-- INPUT RECORDS follows --

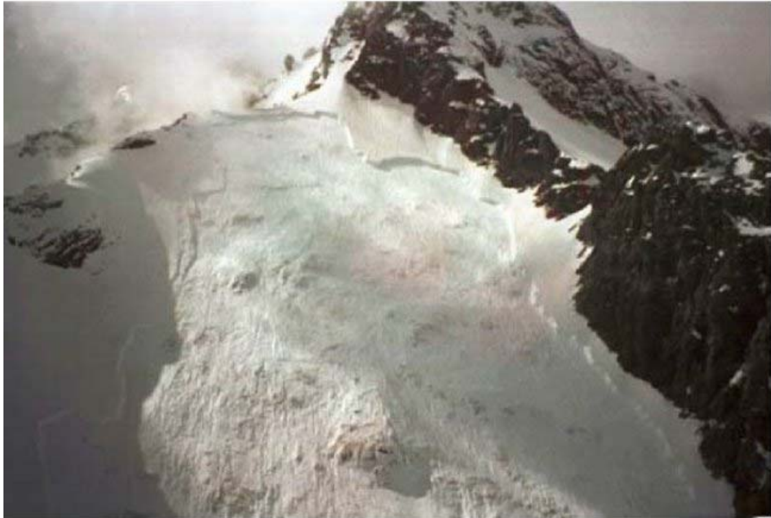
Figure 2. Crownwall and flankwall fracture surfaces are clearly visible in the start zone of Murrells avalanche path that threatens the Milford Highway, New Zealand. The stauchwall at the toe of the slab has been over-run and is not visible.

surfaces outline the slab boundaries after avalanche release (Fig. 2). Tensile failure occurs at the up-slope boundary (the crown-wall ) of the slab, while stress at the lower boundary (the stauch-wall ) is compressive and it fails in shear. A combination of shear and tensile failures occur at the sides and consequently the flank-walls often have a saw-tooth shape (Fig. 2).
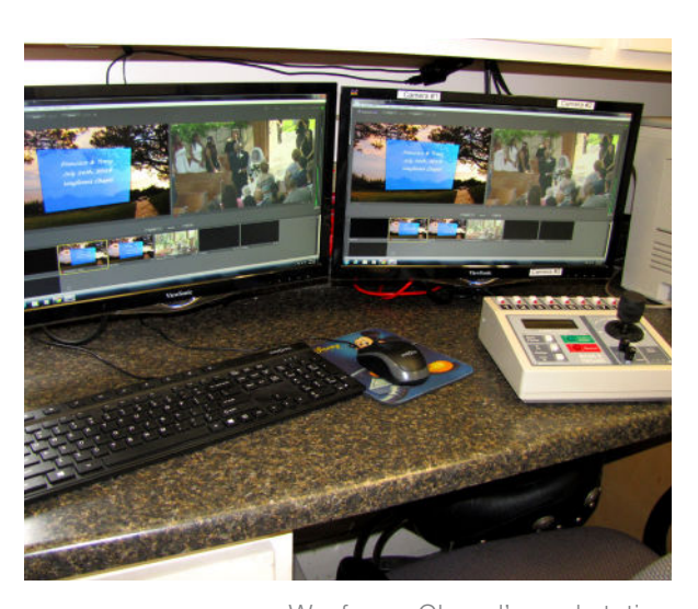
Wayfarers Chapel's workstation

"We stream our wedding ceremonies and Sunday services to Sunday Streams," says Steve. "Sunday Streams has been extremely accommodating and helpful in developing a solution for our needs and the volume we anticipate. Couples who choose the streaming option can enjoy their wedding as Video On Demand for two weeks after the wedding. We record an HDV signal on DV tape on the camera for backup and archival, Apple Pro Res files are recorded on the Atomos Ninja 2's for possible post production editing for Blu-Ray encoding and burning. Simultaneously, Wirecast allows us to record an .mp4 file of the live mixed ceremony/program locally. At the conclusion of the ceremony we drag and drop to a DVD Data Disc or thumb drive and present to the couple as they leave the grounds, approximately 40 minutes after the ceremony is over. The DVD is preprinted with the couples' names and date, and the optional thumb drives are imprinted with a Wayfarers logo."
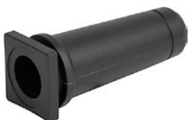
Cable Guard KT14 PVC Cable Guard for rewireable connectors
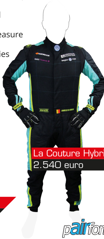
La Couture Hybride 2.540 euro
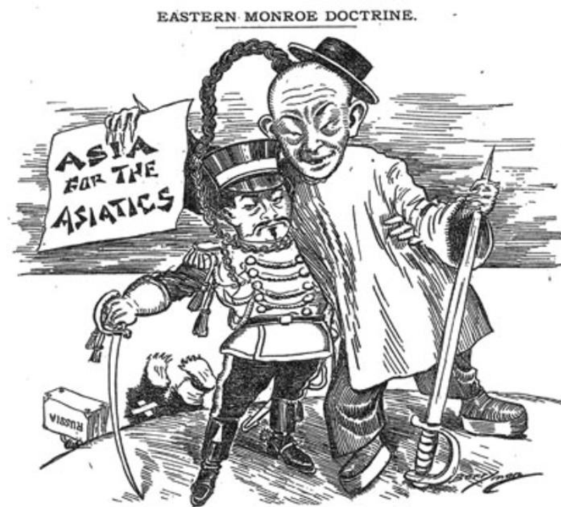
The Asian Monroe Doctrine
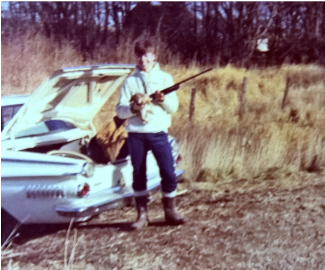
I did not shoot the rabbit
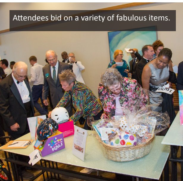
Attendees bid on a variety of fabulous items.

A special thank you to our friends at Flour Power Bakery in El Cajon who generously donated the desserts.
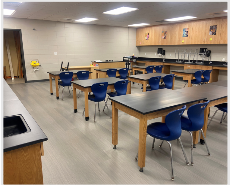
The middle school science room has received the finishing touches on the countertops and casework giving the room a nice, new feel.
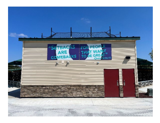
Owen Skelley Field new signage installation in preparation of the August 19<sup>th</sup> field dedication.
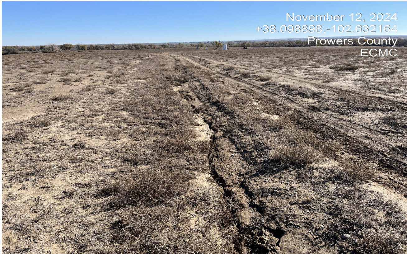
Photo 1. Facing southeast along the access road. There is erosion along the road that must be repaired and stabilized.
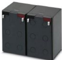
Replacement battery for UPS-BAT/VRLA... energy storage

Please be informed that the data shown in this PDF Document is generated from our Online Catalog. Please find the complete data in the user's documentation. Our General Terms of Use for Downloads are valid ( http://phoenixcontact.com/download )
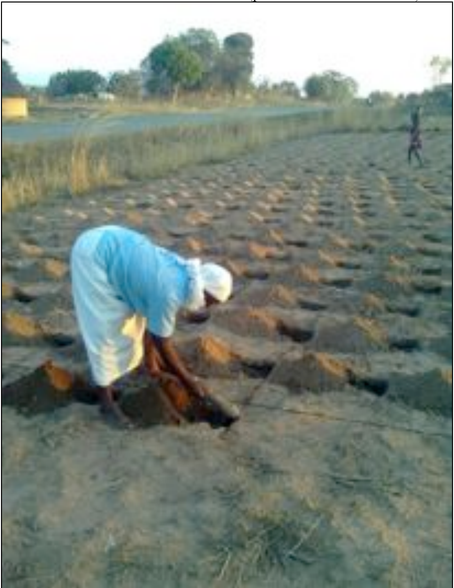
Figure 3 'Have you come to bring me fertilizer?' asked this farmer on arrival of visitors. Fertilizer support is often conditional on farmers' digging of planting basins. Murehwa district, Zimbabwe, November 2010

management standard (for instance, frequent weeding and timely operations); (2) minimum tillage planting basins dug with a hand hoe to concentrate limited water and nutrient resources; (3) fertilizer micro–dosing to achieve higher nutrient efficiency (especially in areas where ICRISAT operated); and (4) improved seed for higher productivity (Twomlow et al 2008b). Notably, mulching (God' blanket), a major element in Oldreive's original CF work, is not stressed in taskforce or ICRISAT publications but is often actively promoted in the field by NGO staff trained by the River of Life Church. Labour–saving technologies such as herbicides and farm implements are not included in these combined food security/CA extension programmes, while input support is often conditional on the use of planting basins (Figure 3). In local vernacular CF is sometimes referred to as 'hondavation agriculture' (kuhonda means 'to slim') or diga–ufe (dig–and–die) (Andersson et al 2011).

-- INPUT RECORDS concluded --
-- INPUT RECORDS follows --

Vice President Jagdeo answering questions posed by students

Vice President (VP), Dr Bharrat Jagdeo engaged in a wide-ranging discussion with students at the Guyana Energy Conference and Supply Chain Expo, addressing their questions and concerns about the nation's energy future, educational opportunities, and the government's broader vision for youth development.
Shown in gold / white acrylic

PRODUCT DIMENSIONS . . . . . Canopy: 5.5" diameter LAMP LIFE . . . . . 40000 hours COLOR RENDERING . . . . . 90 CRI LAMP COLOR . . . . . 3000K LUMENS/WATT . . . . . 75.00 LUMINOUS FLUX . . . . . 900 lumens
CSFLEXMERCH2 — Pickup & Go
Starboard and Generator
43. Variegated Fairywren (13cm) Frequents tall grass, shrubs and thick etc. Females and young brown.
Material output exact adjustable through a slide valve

-- INPUT RECORDS concluded --

TO DO –
The stretch above running from the line with "stream our wedding" through the line with "Cable Guard KT14" is all you should copy, exactly, leaving out the pictures.

EXERCISE RESULT –
"We stream our wedding ceremonies and Sunday services to Sunday Streams," says Steve. "Sunday Streams has been extremely accommodating and helpful in developing a solution for our needs and the volume we anticipate. Couples who choose the streaming option can enjoy their wedding as Video On Demand for two weeks after the wedding. We record an HDV signal on DV tape on the camera for backup and archival, Apple Pro Res files are recorded on the Atomos Ninja 2's for possible post production editing for Blu-Ray encoding and burning. Simultaneously, Wirecast allows us to record an .mp4 file of the live mixed ceremony/program locally. At the conclusion of the ceremony we drag and drop to a DVD Data Disc or thumb drive and present to the couple as they leave the grounds, approximately 40 minutes after the ceremony is over. The DVD is preprinted with the couples' names and date, and the optional thumb drives are imprinted with a Wayfarers logo."
Cable Guard KT14 PVC Cable Guard for rewireable connectors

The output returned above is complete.